[Materials provided]

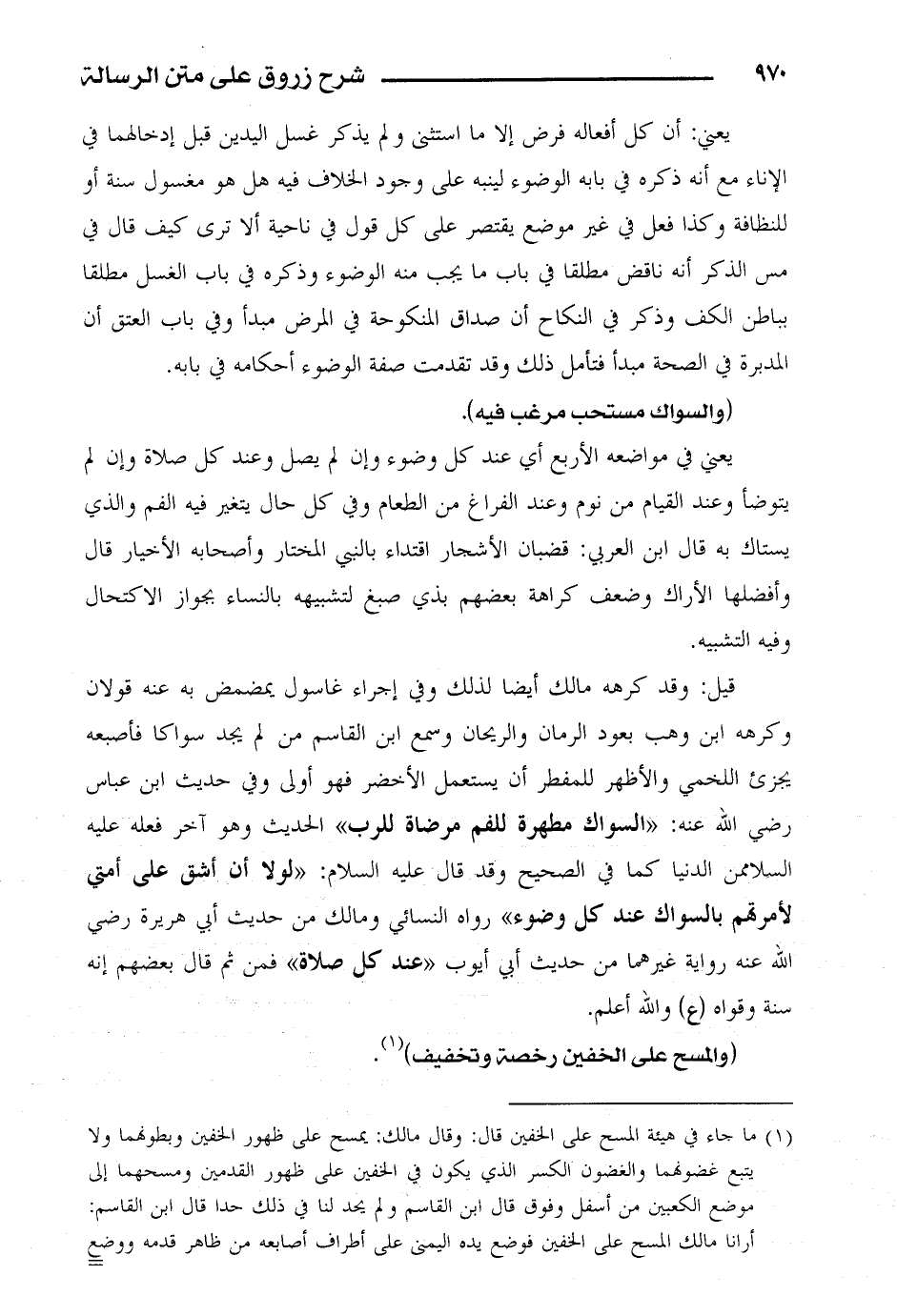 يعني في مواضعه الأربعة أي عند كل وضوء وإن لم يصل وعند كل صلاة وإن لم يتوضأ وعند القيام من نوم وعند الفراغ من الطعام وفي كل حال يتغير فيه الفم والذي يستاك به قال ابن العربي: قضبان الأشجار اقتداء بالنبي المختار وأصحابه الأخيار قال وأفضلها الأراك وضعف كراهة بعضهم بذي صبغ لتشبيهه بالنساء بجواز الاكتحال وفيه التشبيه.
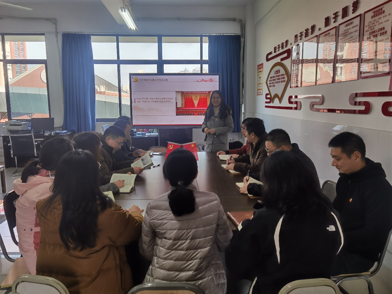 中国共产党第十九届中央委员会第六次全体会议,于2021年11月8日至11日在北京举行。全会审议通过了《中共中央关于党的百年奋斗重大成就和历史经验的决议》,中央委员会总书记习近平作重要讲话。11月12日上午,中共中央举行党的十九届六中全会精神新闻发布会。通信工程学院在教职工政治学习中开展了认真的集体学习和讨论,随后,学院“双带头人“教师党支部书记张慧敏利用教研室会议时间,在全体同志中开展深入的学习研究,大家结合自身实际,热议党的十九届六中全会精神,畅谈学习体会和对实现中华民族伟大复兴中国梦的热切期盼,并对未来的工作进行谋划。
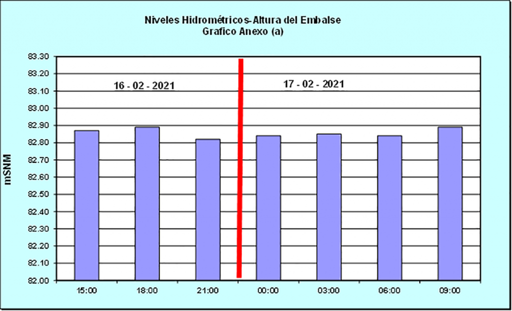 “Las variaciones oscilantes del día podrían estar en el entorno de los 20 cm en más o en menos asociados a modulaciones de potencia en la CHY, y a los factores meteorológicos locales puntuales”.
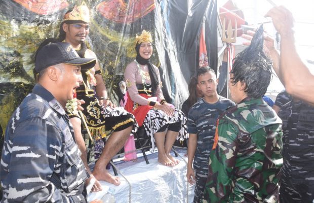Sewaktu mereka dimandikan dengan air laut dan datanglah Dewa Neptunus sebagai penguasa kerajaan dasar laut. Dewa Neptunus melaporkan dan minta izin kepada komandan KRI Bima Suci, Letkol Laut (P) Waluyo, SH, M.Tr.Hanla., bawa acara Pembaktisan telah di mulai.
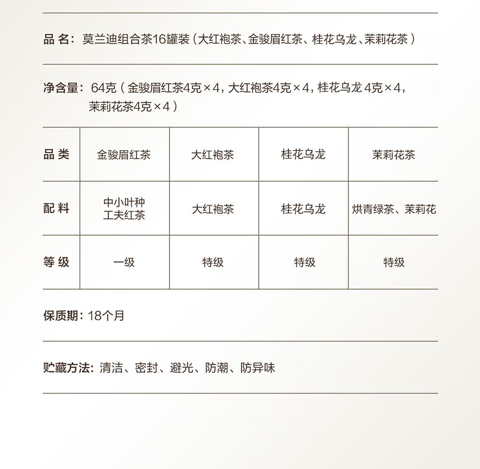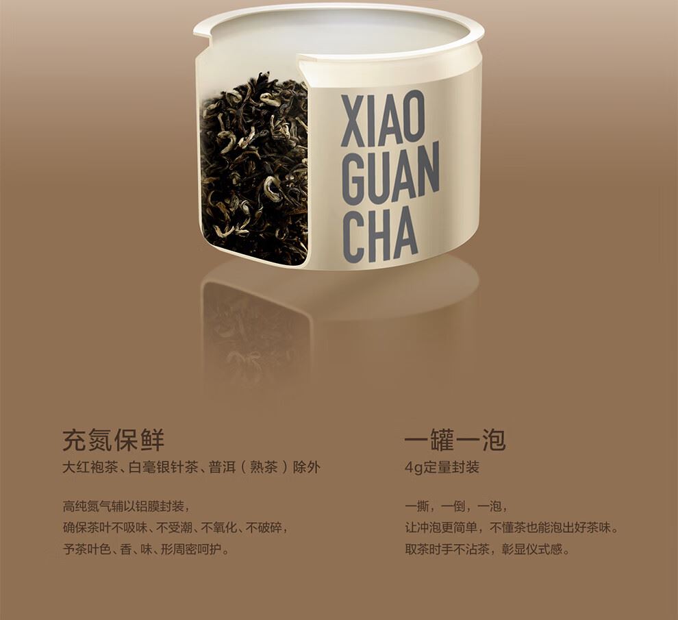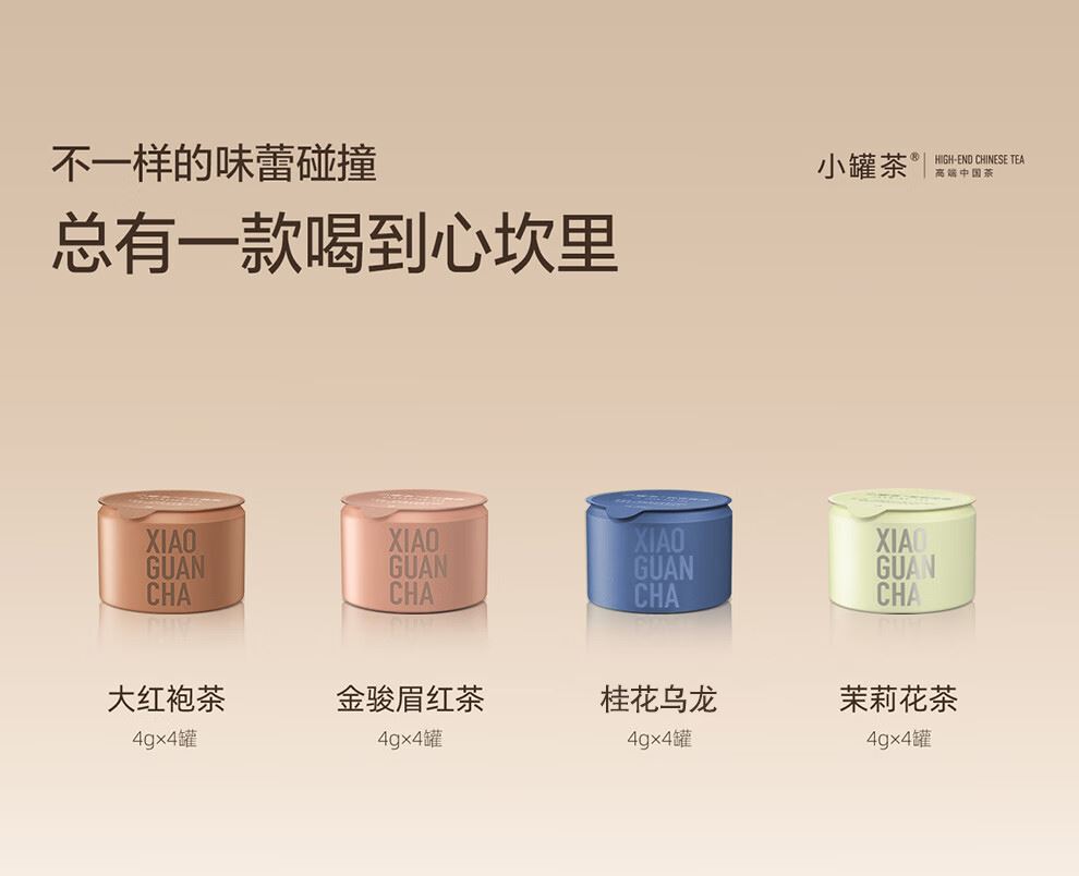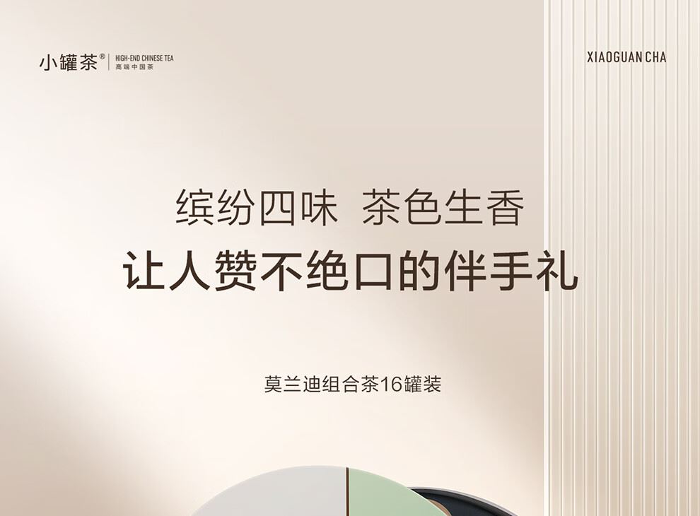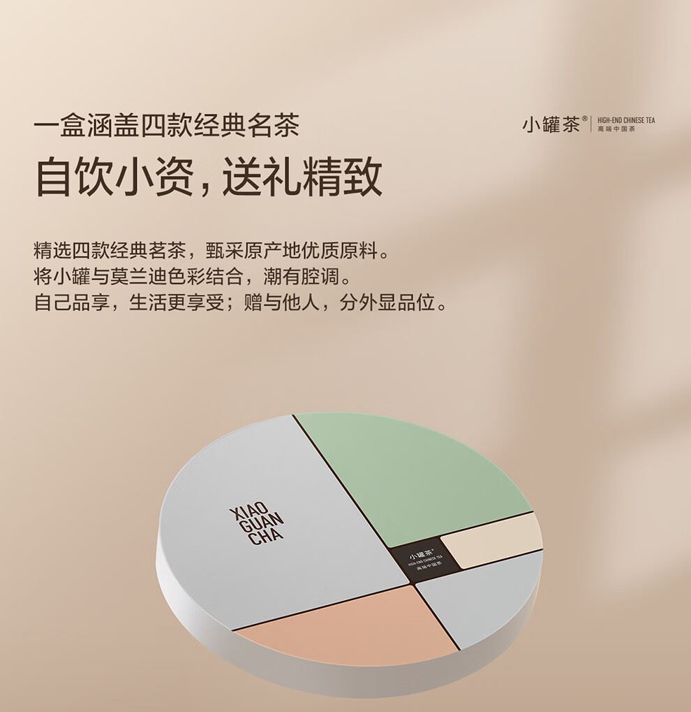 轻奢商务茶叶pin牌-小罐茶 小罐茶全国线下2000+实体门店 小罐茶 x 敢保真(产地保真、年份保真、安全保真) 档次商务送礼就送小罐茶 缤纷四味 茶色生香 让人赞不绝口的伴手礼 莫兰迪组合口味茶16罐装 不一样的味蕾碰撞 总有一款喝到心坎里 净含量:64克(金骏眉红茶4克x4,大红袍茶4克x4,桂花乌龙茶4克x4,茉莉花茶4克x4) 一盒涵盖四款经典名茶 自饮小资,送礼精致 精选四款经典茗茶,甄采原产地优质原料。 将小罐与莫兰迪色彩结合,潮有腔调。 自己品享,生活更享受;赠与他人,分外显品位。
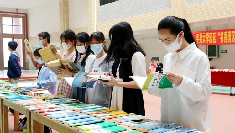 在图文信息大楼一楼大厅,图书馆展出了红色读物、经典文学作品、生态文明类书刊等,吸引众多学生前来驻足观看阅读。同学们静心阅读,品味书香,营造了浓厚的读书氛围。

[Problem to work on]
In your copy of the records above, include every line exactly but no pictures.

[The answer]
 يعني في مواضعه الأربعة أي عند كل وضوء وإن لم يصل وعند كل صلاة وإن لم يتوضأ وعند القيام من نوم وعند الفراغ من الطعام وفي كل حال يتغير فيه الفم والذي يستاك به قال ابن العربي: قضبان الأشجار اقتداء بالنبي المختار وأصحابه الأخيار قال وأفضلها الأراك وضعف كراهة بعضهم بذي صبغ لتشبيهه بالنساء بجواز الاكتحال وفيه التشبيه.
 中国共产党第十九届中央委员会第六次全体会议,于2021年11月8日至11日在北京举行。全会审议通过了《中共中央关于党的百年奋斗重大成就和历史经验的决议》,中央委员会总书记习近平作重要讲话。11月12日上午,中共中央举行党的十九届六中全会精神新闻发布会。通信工程学院在教职工政治学习中开展了认真的集体学习和讨论,随后,学院“双带头人“教师党支部书记张慧敏利用教研室会议时间,在全体同志中开展深入的学习研究,大家结合自身实际,热议党的十九届六中全会精神,畅谈学习体会和对实现中华民族伟大复兴中国梦的热切期盼,并对未来的工作进行谋划。
 “Las variaciones oscilantes del día podrían estar en el entorno de los 20 cm en más o en menos asociados a modulaciones de potencia en la CHY, y a los factores meteorológicos locales puntuales”.
Sewaktu mereka dimandikan dengan air laut dan datanglah Dewa Neptunus sebagai penguasa kerajaan dasar laut. Dewa Neptunus melaporkan dan minta izin kepada komandan KRI Bima Suci, Letkol Laut (P) Waluyo, SH, M.Tr.Hanla., bawa acara Pembaktisan telah di mulai.
 轻奢商务茶叶pin牌-小罐茶 小罐茶全国线下2000+实体门店 小罐茶 x 敢保真(产地保真、年份保真、安全保真) 档次商务送礼就送小罐茶 缤纷四味 茶色生香 让人赞不绝口的伴手礼 莫兰迪组合口味茶16罐装 不一样的味蕾碰撞 总有一款喝到心坎里 净含量:64克(金骏眉红茶4克x4,大红袍茶4克x4,桂花乌龙茶4克x4,茉莉花茶4克x4) 一盒涵盖四款经典名茶 自饮小资,送礼精致 精选四款经典茗茶,甄采原产地优质原料。 将小罐与莫兰迪色彩结合,潮有腔调。 自己品享,生活更享受;赠与他人,分外显品位。
 在图文信息大楼一楼大厅,图书馆展出了红色读物、经典文学作品、生态文明类书刊等,吸引众多学生前来驻足观看阅读。同学们静心阅读,品味书香,营造了浓厚的读书氛围。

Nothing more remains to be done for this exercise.